Perpetual motion is a fiction, but flywheels are a fact we can believe in.
Whether economic or mechanical, a flywheel is an apparatus that supports, sustains, and amplifies the power derived from its energy source. Storing the kinetic energy of a steam engine or the goodwill of a brand, a flywheel harnesses this inertia and channels it back into further momentum.
The simplest and perhaps one of the oldest examples of flywheel design can be found in a pottery wheel. Using a foot pedal to spin a crank, a potter is able to turn the wheel under his clay such that he can mold a perfectly round vessel. No matter how good our internal metronome is, the rhythm will be somewhat erratic, and the weight of the wheel absorbs this erratic energy and smooths out the rotation.
While there were several mechanical applications as early as the 11th century, the Industrial Revolution saw an explosion of use cases. Steam engines, tractors, and heavy machinery of all types took advantage of the energy storage and distribution benefits of a flywheel.
In physics terms, a flywheel can be thought of as an “accumulator”. It acts as a well to store the intermittent energy of its power source, smoothing the delivery, and also able to unleash power surges that vastly exceed the capacity of the original source.
The softer sciences have co-opted this design, and apply the virtuous circle to economic or marketing systems. While they are not as tightly closed as a well designed mechanical system, an organization can build a self-sustaining sales cycle through flywheel marketing.
The theory goes that in order to further the sales growth of a business, the entire organization must focus on delivering a customer experience that makes other customers want to sing the product's praises and evangelize to their networks. Customers become promoters, who draw in new prospects that themselves become enthusiastic customers.
We can even talk about geopolitical flywheels, where the US dollar is arguably one of the greatest flywheels ever designed. Anchoring the global financial system through the petrodollar, the bid for greenbacks is a bottomless well. An inelastic and counter cyclical demand for US currency to buy oil, supports the value of the dollar and insures low cost access for Americans to global markets. This further instills confidence in the dollar and supports its global reserve status.
Whether it's the physical conservation of energy, growing a business, or maintaining hegemony, a flywheel supports an energy or economic moat. This can’t happen spontaneously though, and something needs to propel the flywheel into orbit. A satellite can circle the earth for decades, but first it needs to cross the Kármán line and officially enter outer space. It takes approximately 30 times more energy to reach orbital velocity than it does to get into outer space in the first place.
Traditional businesses can defend their moat and capture value through privileged access to some kind of resource - talent, capital, customers, etc. Technology - particularly distributed ledger technology - has dramatically reduced the depth of these moats. In the case of blockchains, their very ethos is permissionless access and open source code is a fundamental requirement.
So how does a blockchain create a flywheel and endogenous value?
At the most extreme end of the value spectrum you have hard assets like land or gold. These store value no matter what the unit of account is. Physical money started as metal currency that could be melted into something useful. Initially paper money was simply a representation of a claim on that physical asset. When the gold standard was dropped by Nixon, value became a mutually agreed upon fiction.

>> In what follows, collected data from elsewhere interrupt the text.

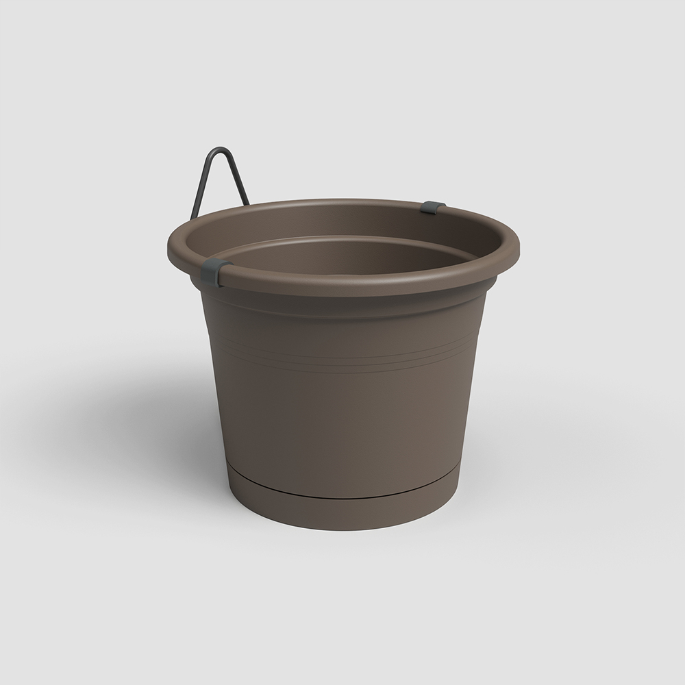Kit de pot en plastique recyclé pour mur, fabriqué en polypropylène, léger, durable, recyclable et réutilisable, avec protection UV, résistant au gel et doté de trous de drainage. Comprend un support en fer pour fixation murale. Convient aux espaces extérieurs et intérieurs. Fabriqué au Portugal.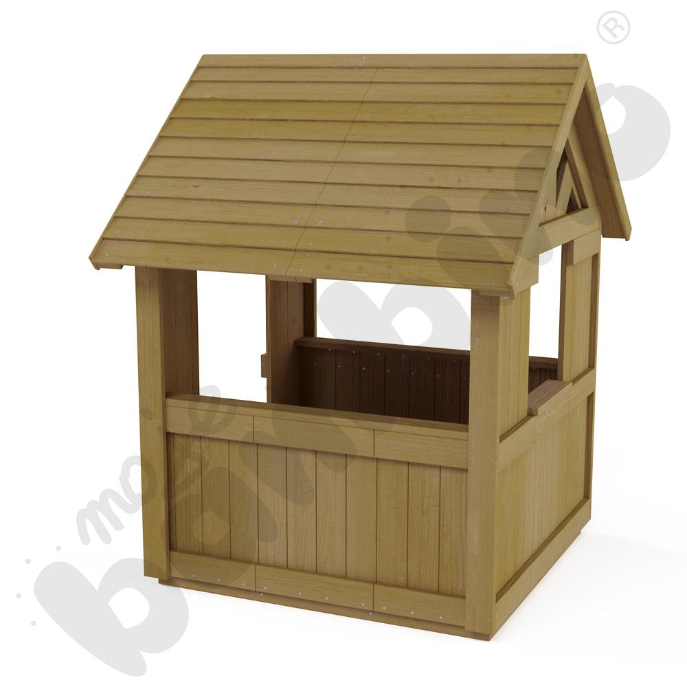 Ten minimalistyczny, ale funkcjonalny domek doskonale wpisuje się w ideę zabawy na świeżym powietrzu, wspierając rozwój dzieci poprzez kreatywność i interakcję z otoczeniem. Prosta konstrukcja umożliwia łatwą personalizację domku zgodnie z potrzebami i wyobraźnią dzieci. Domek jest idealnym miejscem do odgrywania różnych ról, takich jak sklepik, kawiarnia, poczta, czy dom. Stanowi jednocześnie przytulny kącik do czytania książek, rysowania czy po prostu odpoczynku na świeżym powietrzu.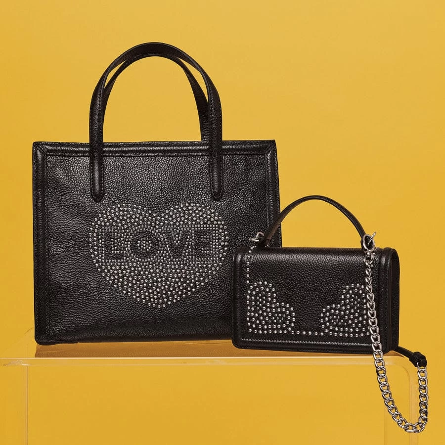 Spread the love with this classic medium size tote. It’s fun and stylish yet polished. It can be worn handheld or if you are out and about you can easily clip on the convertible crossbody strap. The back pocket is perfect for phone and keys.

The cost for the United States of creating that fiction was decades of economic positioning and the ultimate threat of military force. Rule of law and ability to enforce contracts is one of the fundamental prerequisites for creating scalable capitalism that relies on trust and fractional reserves.
While an asset backed currency can exist on the blockchain (e.g. USDC or USDT), a fully decentralized money must be both scalable and trustworthy to achieve widespread adoption and durability. The greater the momentum of that flywheel, the more trustworthy the issuances are, which ultimately supports the underlying protocol.
As with any new enterprise, a charismatic and visionary founder is table stakes for launch. She must attract a talented team and convince them of the future potential value of their efforts. Often supported by outside investors, the team must then execute on a product that is functional and attractive to other users. This inherently supports the value of the enterprise, drawing in more users and greater demand for the native token’s value.
As this cycle continues, there is greater and greater adoption, cementing the power of network effects and underpinning the value of the network’s token. With this backstop, the protocol or network can create issuance mechanisms for tokens that have a stable value, and become demanded for their collateralization and transfer use cases. If the flywheel can support that objective, it will draw in even more energy to support its accelerating growth.
There continue to be many experiments in the digital asset space which convert our traditional economic models into a decentralized one. UST, FRAX and USDN are all working to stake their claim here as independently scalable stablecoins supported by various different flywheels.
The larger and more efficient the flywheel, the greater its sphere of influence, and more likely it is to sustain itself. The trick is achieving escape, and orbital velocity.